Goodnight shook his head no, taking the offered cigarette from Billy's hand and snubbing it gently on the night stand. Some days, even sweet as it smelled, the opium laced in it floral and warm, Goody still can't handle smoke in his eyes. Not with clotted memories of trenches and canons dancing in his mind.   
He brushes the clouds from blocking his view of Billy's face and presses their foreheads together. This close he can feel Billy's breath soft and humid against his lips. The younger man is used to this, these sudden twists of emotion from Goodnight, the sudden aches and painful coils that would build up beneath his chest with no warn or whim and leave him curling into himself.   
Calloused thumbs sweetly kiss his temples, soothing panic that made honeyed things turn sour.   
"Je ne peux pas vivre sans toi.."  
"Nonsense"  
"It's-"  
"I know it is french, Goody. And it's nonsense, you would live just fine without me"   
Goody grunts harshly. "You know rightly that's not true, Billy-" "You did just fine before-" "Just fine is a monstrous exaggeration"  
"Goody"  
"Billy."   
The latter lets out a long suffering sigh. "Goodnight, I am not going anywhere" Goody is crumbling softly in his hands, dropping crumbs of worry and creole mumblings in the hollows of his left collarbone. "Goodnight. Goodnight." Billy pulls harder than he likes to against Goody's ears to lift his head "I am not going anywhere willingly. Stop this, yes?"  
"Billy..." The way Goody says his name is a chipped porcelain cup.  

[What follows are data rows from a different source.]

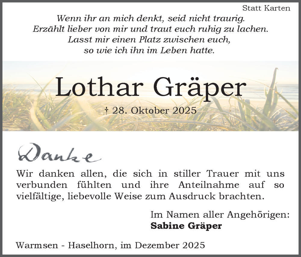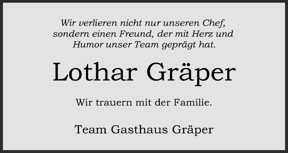 Hier finden Sie alle Traueranzeigen aus der Zeitung, die bisher für Lothar Gräper erschienen sind. Weitere Traueranzeigen, die in der Zeitung erscheinen, werden hier ebenfalls aufgelistet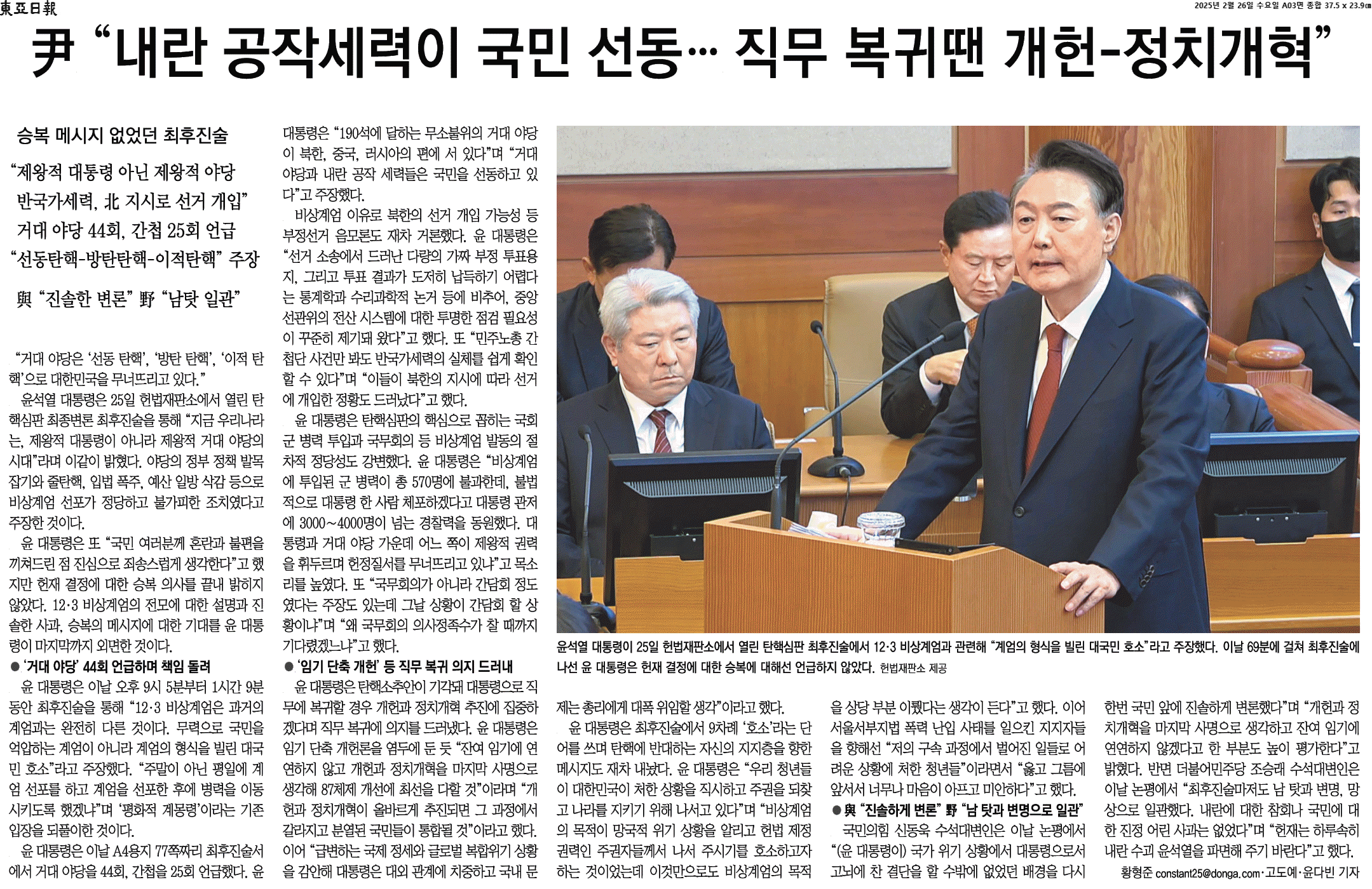 ① 윤석열 대통령은 25일 헌법재판소에서 열린 탄핵심판 최종변론 최후진술을 통해 “지금 우리나라는, 제왕적 대통령이 아니라 제왕적 거대 야당의 시대”라며 이같이 밝혔다. 야당의 정부 정책 발목 잡기와 줄탄핵, 입법 폭주, 예산 일방 삭감 등으로 비상계엄 선포가 정당하고 불가피한 조치였다고 주장한 것이다.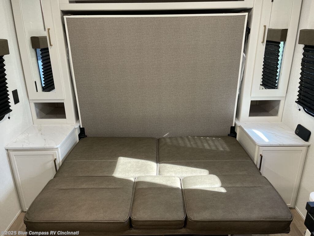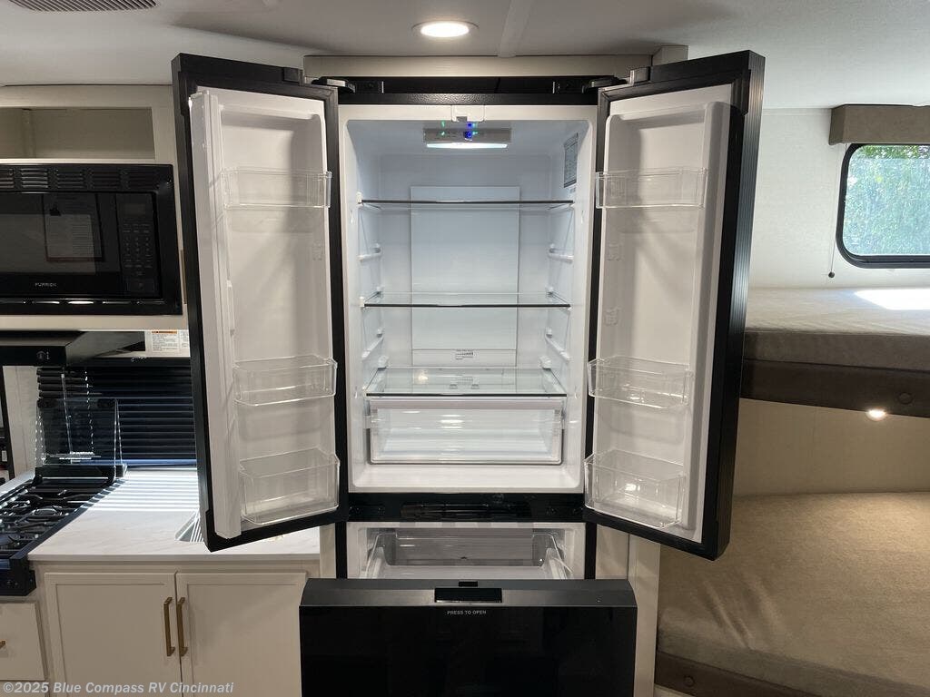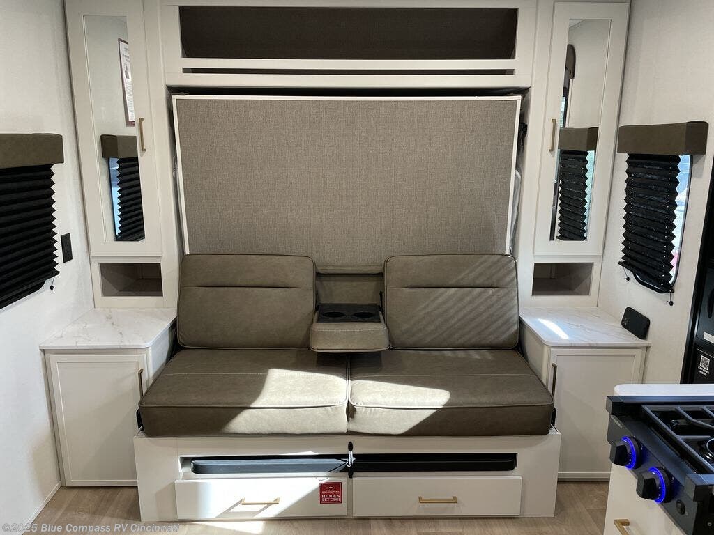 Spacious and versatile, this travel trailer is perfect for getaways to the campground or relaxing escapes by the lake! There is a front Murphy bed with storage on both sides plus a pull-out pet dish to keep your furry friends happy. Your guests or little ones will love the double-size bunks, and the full bath is right next to the bunks for easy nighttime use. Once you make breakfast on the two burner range, you can dine at the booth dinette slide. And this model also includes an outdoor griddle and refrigerator if you want to make breakfast outdoors. Additional exterior features include a 16' power awning, an interior/exterior table, and a pass-thru storage for larger camp gear.

He pictures it as the same one his mother drank from when he was a child.  
Poor blue eyes lift up to him, pockets of exhaustion stored under them in dark circles he only sometimes notices more than others. There are days where the blue in his eyes turn bright, the color shifted, saturated like desert noons. Days when fear had forgets Goodnight Robicheaux. Panic and memories take strolls off to places Billy wishes they would not return from. Nightmares break like a high fever. But Billy knows this was not a sickness that cures, these ghosts will follow him through life. His poor broken man. This ridiculous, incessant, quick tongued man. These blue devils are never far from nipping on his heels. Billy wishes at the least they had the respect to not nip their bedside.   
Billy shifts them, his pants scuffing against Goody's half bare legs, until they stretch side by side. Goodnight had complained more than once for Billy's penchant for sleeping almost wholly clothed, grousing on how it chafed his legs where his drawers ended. Such an odd couple. Billy would have laughed to himself if it was funny in this moment, sometimes it was anything but. Their awkward balancing act.   
Goodnight's eyes close, sweat prickling his temples, and Billy wonders where he goes. He knows the shape of his memories. But it is like looking at a waterlogged painting. He knew he had killed many people in the war. Children, Goody always called them. Children as if he hadn't been one himself.   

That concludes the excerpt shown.